Schließlich beschrieb Jansen den Standpunkt der BPtK hinsichtlich der Integration von Internetangeboten in die Psychotherapie. Maßgeblich sei der Einsatz von zertifizierten Medizinprodukten, ihre Integration in die Regelversorgung und die Gewährleistung von Datenschutz und Datensicherheit. Da die Umsetzung der Rahmenbedingungen einige Zeit in Anspruch nehmen werde, habe die BPtK für die Zwischenzeit eine Checkliste für Patienten und einen Leitfaden für Psychotherapeutinnen und Psychotherapeuten entwickelt. Beide Publikationen fassen jeweils wesentliche Informationen zusammen, bieten Orientierung und helfen bei der Beurteilung von Internetprogrammen. Im nächsten Schritt werde sich die BPtK mit dem Thema Videobehandlung befassen, die Notwendigkeit einer Anpassung der Musterberufsordnung diskutieren und die Themen Vergütung, eHealth-Gesetz und Kompetenzerwerb für Psychotherapeutinnen und Psychotherapeuten auf die Agenda setzen, kündigte die Referentin an.
Diskussion lässt Aufbruchsstimmung erkennen
Die sich den Fachvorträgen anschließende Diskussion spiegelte die Vielschichtigkeit und die Aktualität des Themas. Mehrfach wurde betont, dass man nicht über die ausschließliche Behandlung mit digitalen Anwendungen spreche. Zentrale Anforderungen seien, Anwendungsfelder sowie Vor- und Nachteile zu prüfen und jeweils im Einzelfall zu entscheiden, ob und für wen ein Angebot passen könnte. Einige Kammerversammlungsmitglieder äußerten die Überlegung, dass mit internetgestützten Maßnahmen möglicherweise neue Zielgruppen erreicht werden könnten. Andere gingen eher davon aus, dass vorwiegend Menschen angesprochen werden, die ohnehin eine größere Bereitschaft für Psychotherapie hätten. Positiv wurde gesehen, dass man mit den neuen Möglichkeiten Menschen Angebote machen könne, die zum Beispiel aufgrund körperlicher Einschränkungen einen erschwerten Zugang zu einer unmittelbaren Psychotherapie haben. Als weitere Aspekte wurden unter anderem angesprochen, wie die Nachhaltigkeit von Online-Interventionen zu bewerten ist und dass im Zuge der neuen Entwicklungen die Definition von Psychotherapie berücksichtigt und diskutiert werden müsse. Zentral bleibe dabei die Frage nach der Qualität der Patient-Therapeut-Beziehung.

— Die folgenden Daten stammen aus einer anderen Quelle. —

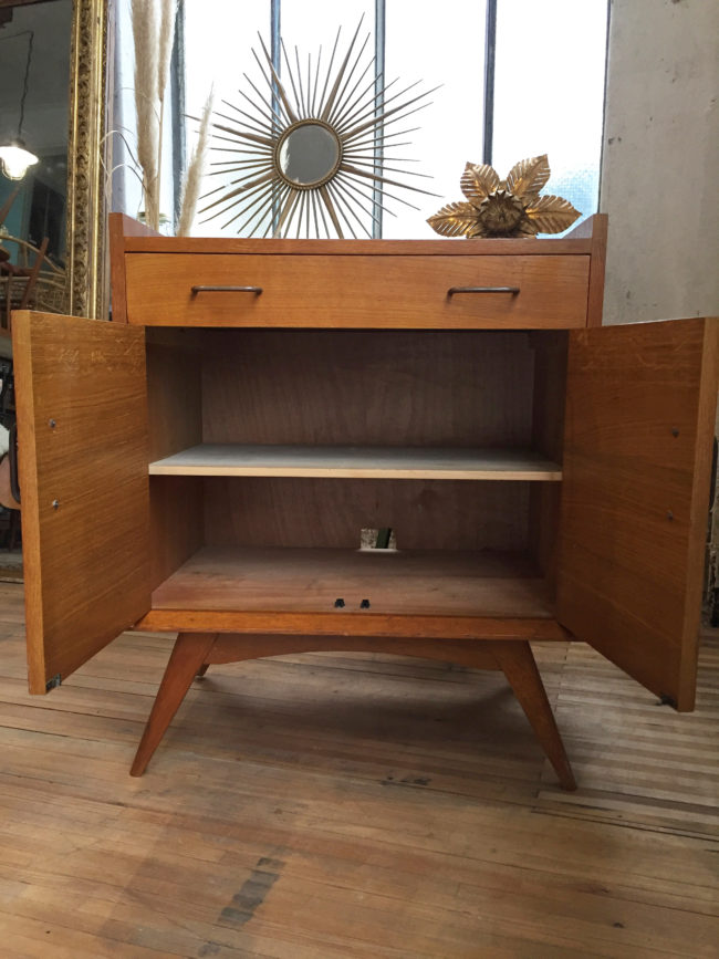 Ce meuble vintage permet un rangement confortable. Il possède des pieds compas et des poignées en laiton.

Deutlich wurde, dass Psychotherapeutinnen und Psychotherapeuten sich dem Thema „Internet in der Psychotherapie“ nicht verschließen dürfen. Mehrfach wurde betont, dass die Digitalisierung in der psychotherapeutischen Versorgung bereits an Fahrt aufgenommen habe und es an der Zeit sei, die zentralen Fragestellungen jetzt anzugehen. „Dabei müssen wir eng bei unserem Selbstverständnis und unseren Kompetenzen bleiben und dürfen die Diskussion, was Psychotherapie ist und wie sie angewendet werden kann, nicht andere führen lassen“, betonte Kammerpräsident Gerd Höhner in seinem Schlusswort.